• _EXERCISE PROMPT_
Leaving out pictures, output exactly the lines below from the one that has "Magnifying Womens 2" through the one that has "บ้านหลังนี้หันหน้าทางทิศตะวันตก ช่วงบ่ายแดดแรงมาก ร้อนอบอ้าว", and nothing else.

• _RECORDED DATA_
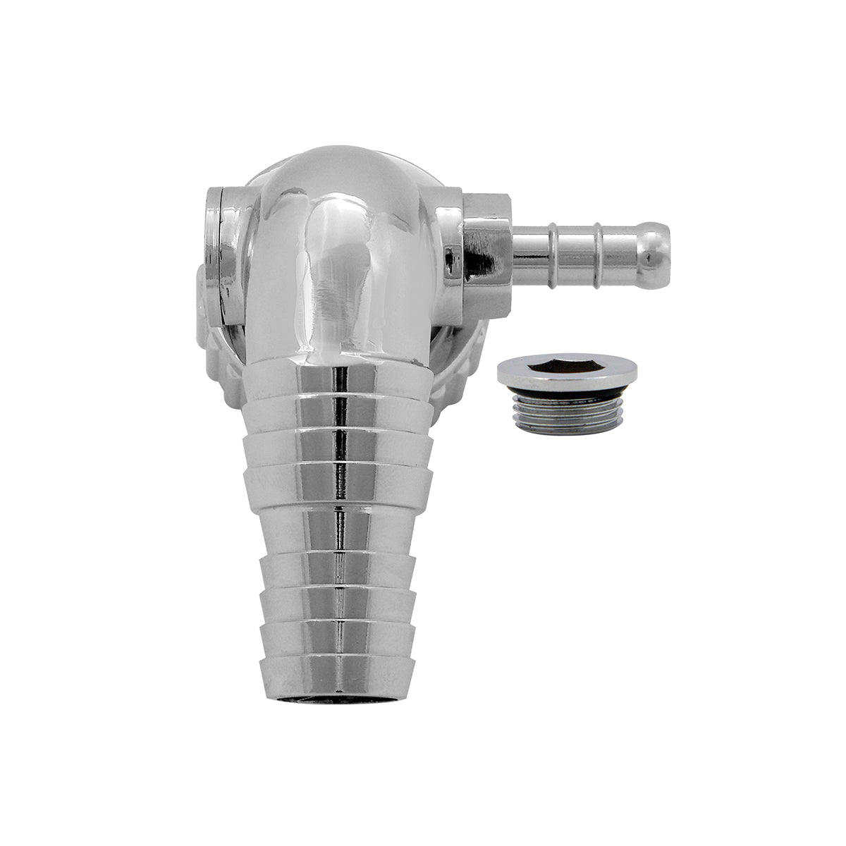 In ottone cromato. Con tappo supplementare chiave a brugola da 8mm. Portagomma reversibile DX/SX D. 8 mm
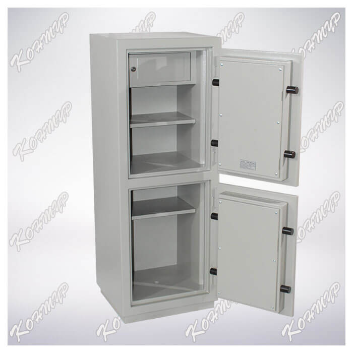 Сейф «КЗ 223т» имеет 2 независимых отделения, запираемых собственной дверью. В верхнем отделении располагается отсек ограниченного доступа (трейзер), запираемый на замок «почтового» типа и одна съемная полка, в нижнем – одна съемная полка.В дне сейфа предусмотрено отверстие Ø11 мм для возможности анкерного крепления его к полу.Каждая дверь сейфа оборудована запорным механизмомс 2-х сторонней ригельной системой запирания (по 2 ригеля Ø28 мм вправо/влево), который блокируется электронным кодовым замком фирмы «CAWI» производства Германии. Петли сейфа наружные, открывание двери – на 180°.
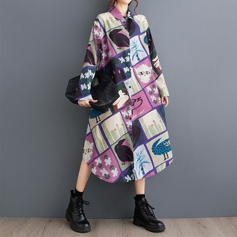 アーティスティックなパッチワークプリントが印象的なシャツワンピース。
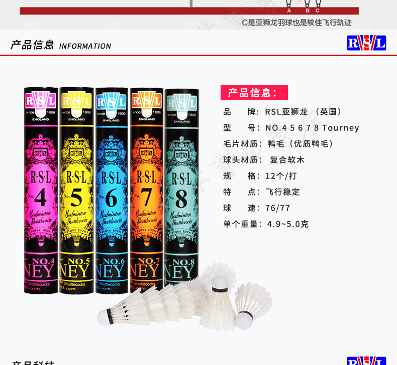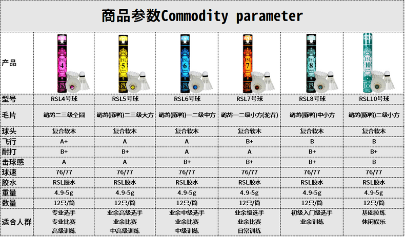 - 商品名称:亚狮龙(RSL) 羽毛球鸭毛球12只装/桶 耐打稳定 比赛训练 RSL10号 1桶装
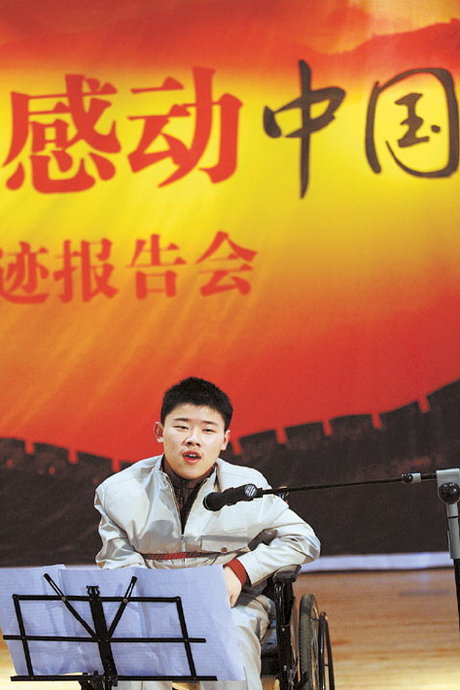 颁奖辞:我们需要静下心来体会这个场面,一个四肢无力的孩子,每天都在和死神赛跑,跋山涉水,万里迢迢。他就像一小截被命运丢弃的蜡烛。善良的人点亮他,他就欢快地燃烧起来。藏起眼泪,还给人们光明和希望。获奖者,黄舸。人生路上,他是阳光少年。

==

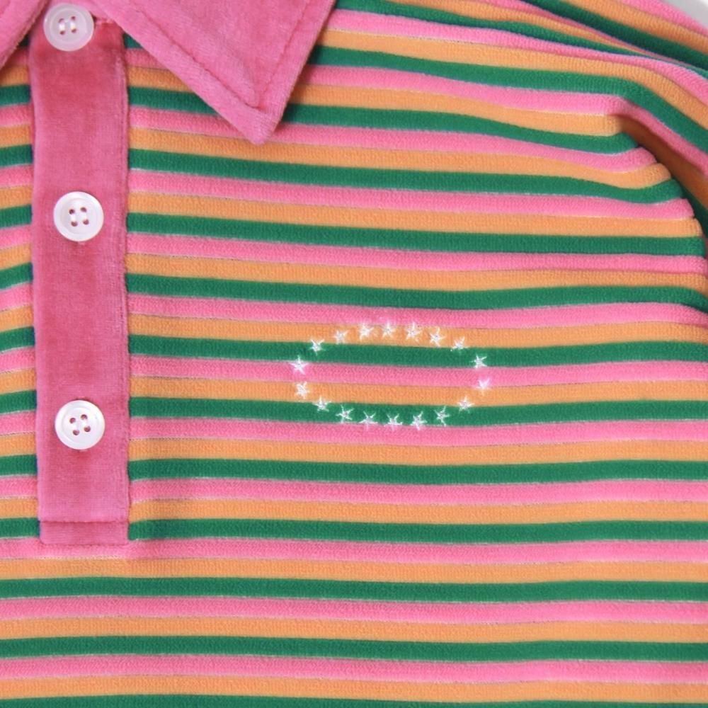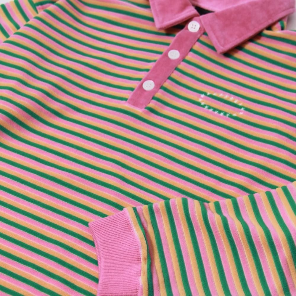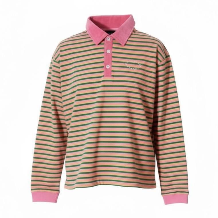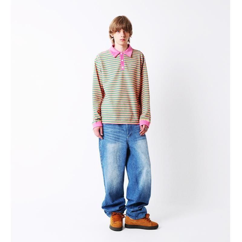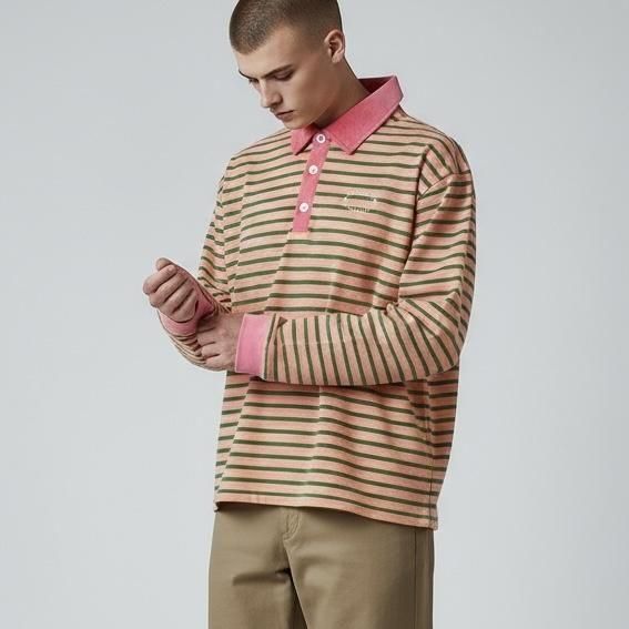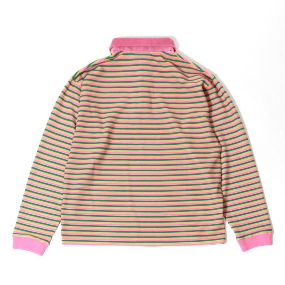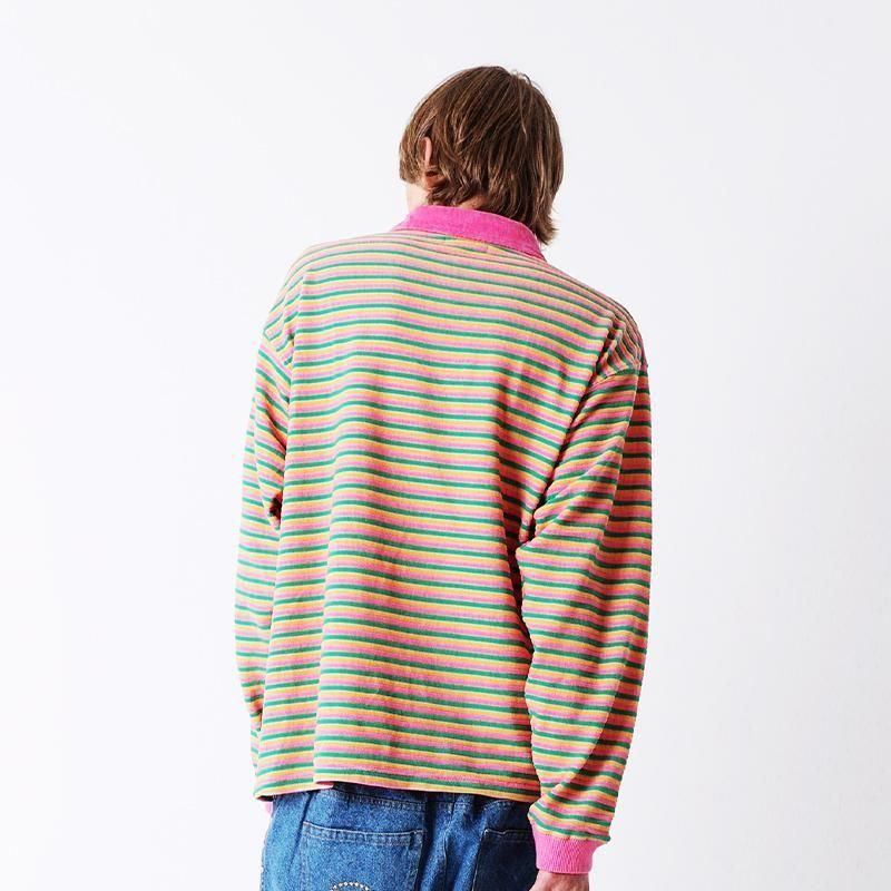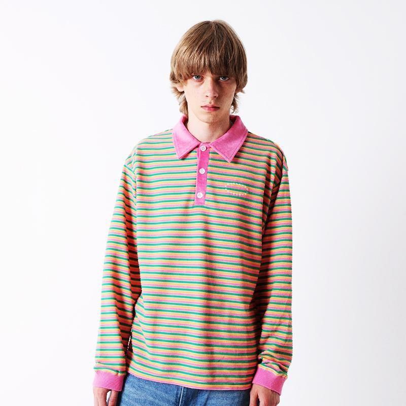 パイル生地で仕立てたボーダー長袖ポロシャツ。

---

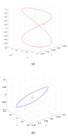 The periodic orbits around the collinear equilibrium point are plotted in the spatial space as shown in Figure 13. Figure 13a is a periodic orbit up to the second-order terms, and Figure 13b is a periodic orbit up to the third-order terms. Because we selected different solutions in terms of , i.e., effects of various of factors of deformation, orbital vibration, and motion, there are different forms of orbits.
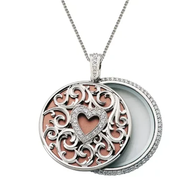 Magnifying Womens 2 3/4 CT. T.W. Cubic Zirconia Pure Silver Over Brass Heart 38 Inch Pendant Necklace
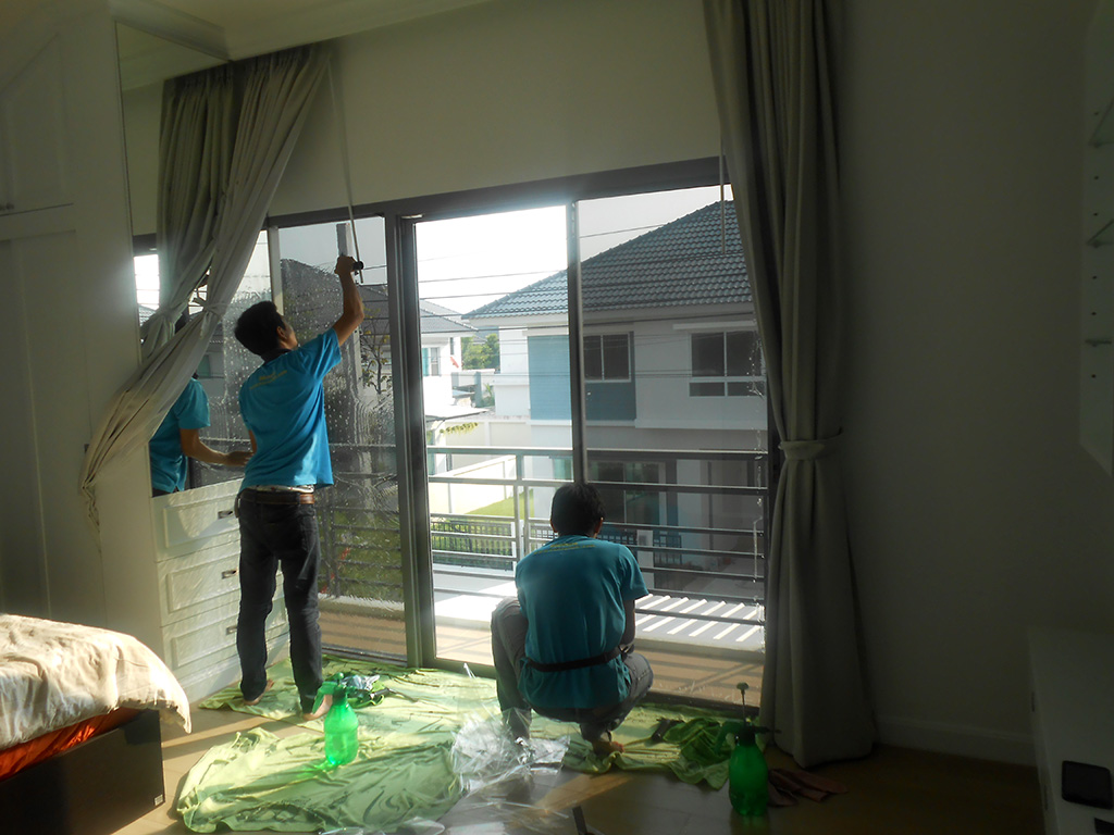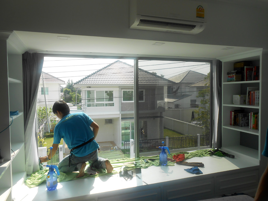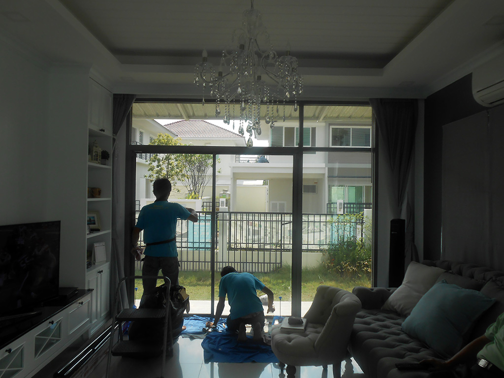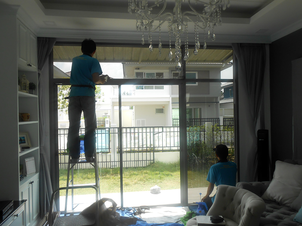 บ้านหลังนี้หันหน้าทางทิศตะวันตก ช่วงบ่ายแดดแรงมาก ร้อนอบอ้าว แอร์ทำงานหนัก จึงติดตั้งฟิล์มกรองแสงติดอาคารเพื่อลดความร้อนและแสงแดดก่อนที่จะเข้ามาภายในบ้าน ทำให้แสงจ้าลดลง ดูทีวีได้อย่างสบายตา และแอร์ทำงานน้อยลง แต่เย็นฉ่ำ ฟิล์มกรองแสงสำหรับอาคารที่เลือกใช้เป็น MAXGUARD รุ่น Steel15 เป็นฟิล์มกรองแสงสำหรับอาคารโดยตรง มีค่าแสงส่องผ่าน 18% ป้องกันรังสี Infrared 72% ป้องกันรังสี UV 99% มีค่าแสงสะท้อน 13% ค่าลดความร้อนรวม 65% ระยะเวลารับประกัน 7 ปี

• _EXERCISE SOLUTION_
 Magnifying Womens 2 3/4 CT. T.W. Cubic Zirconia Pure Silver Over Brass Heart 38 Inch Pendant Necklace
 บ้านหลังนี้หันหน้าทางทิศตะวันตก ช่วงบ่ายแดดแรงมาก ร้อนอบอ้าว แอร์ทำงานหนัก จึงติดตั้งฟิล์มกรองแสงติดอาคารเพื่อลดความร้อนและแสงแดดก่อนที่จะเข้ามาภายในบ้าน ทำให้แสงจ้าลดลง ดูทีวีได้อย่างสบายตา และแอร์ทำงานน้อยลง แต่เย็นฉ่ำ ฟิล์มกรองแสงสำหรับอาคารที่เลือกใช้เป็น MAXGUARD รุ่น Steel15 เป็นฟิล์มกรองแสงสำหรับอาคารโดยตรง มีค่าแสงส่องผ่าน 18% ป้องกันรังสี Infrared 72% ป้องกันรังสี UV 99% มีค่าแสงสะท้อน 13% ค่าลดความร้อนรวม 65% ระยะเวลารับประกัน 7 ปี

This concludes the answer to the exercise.